BERT4Rec (Sequential)
Description
The BERT4Rec policy adapts the bidirectional Transformer architecture (BERT) for sequential recommendation. Unlike unidirectional models (like SASRec), it uses bidirectional self-attention and is typically trained using a masked item prediction objective (predicting masked items based on both past and future context within the sequence). This allows it to learn rich, context-aware item representations.
Policy Type: bert4rec
Supports: embedding_policy
, scoring_policy
Configuration Example
scoring_policy_bert4rec.yaml
policy_configs:
scoring_policy: # Can also be used under embedding_policy
policy_type: bert4rec
# Training Hyperparameters
batch_size: 1000 # Samples per training batch
n_epochs: 1 # Number of training epochs
negative_samples_count: 2 # Negative samples (often relevant for loss calculation)

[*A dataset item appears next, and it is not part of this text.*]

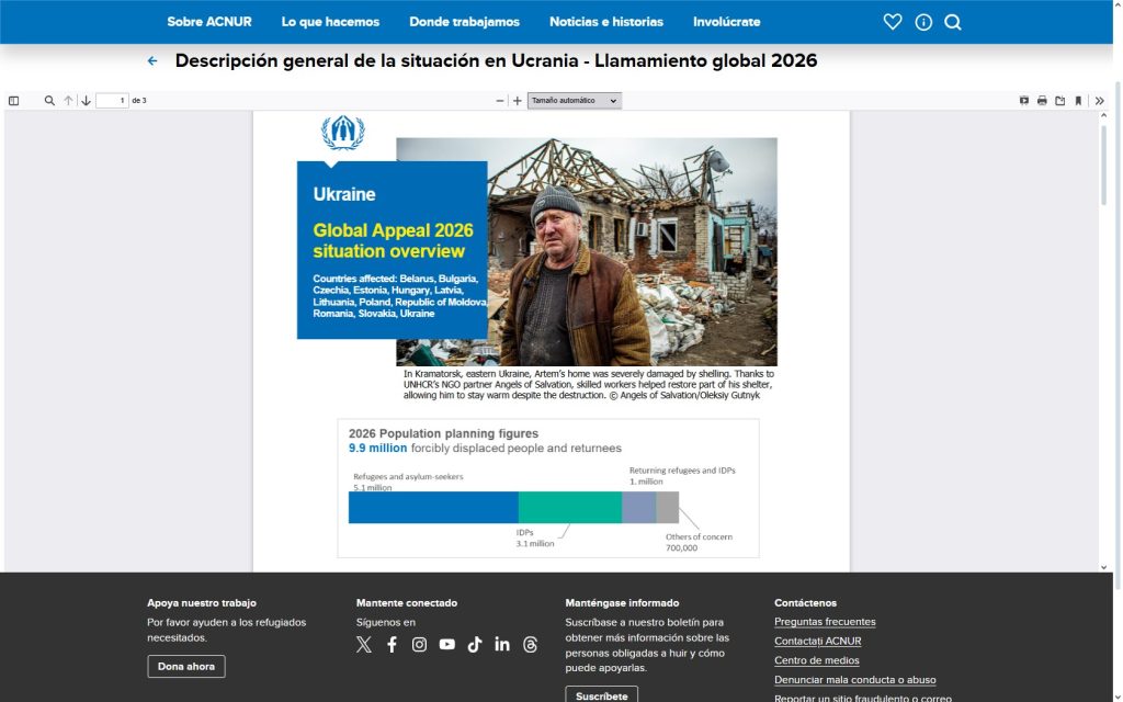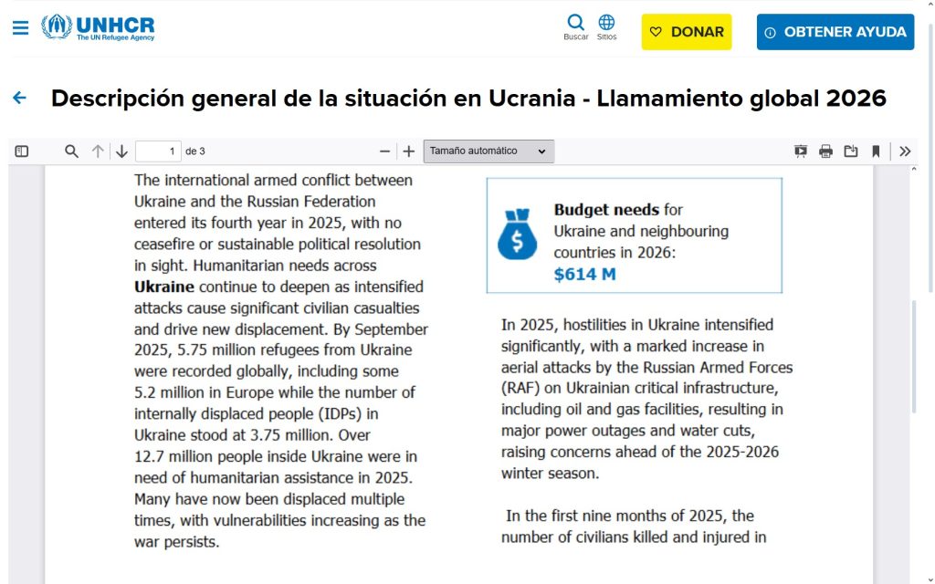 El conflicto armado entre Ucrania y la Federación de Rusia entró en su cuarto año en 2025, sin alto el fuego ni resolución política a la vista. Las necesidades humanitarias se han profundizado a medida que la intensificación de los ataques causa importantes víctimas civiles e impulsa nuevos desplazamientos. Para septiembre 2025, 5,75 millones se registraron refugiados de Ucrania en todo el mundo, incluidos 5,2 millones en Europa, mientras que 3,75 millones de personas seguían desplazadas internamente.

learning_rate: 0.001 # Optimizer learning rate
dropout_rate: 0.2 # General dropout rate for regularization
# Architecture Hyperparameters
hidden_size: 64 # Dimensionality of hidden layers/embeddings
n_heads: 2 # Number of self-attention heads
n_layers: 2 # Number of Transformer layers
max_seq_length: 50 # Maximum input sequence length
Reference
- Sun, F., et al. (2019). BERT4Rec: Sequential recommendation with bidirectional encoder representations from transformer. CIKM.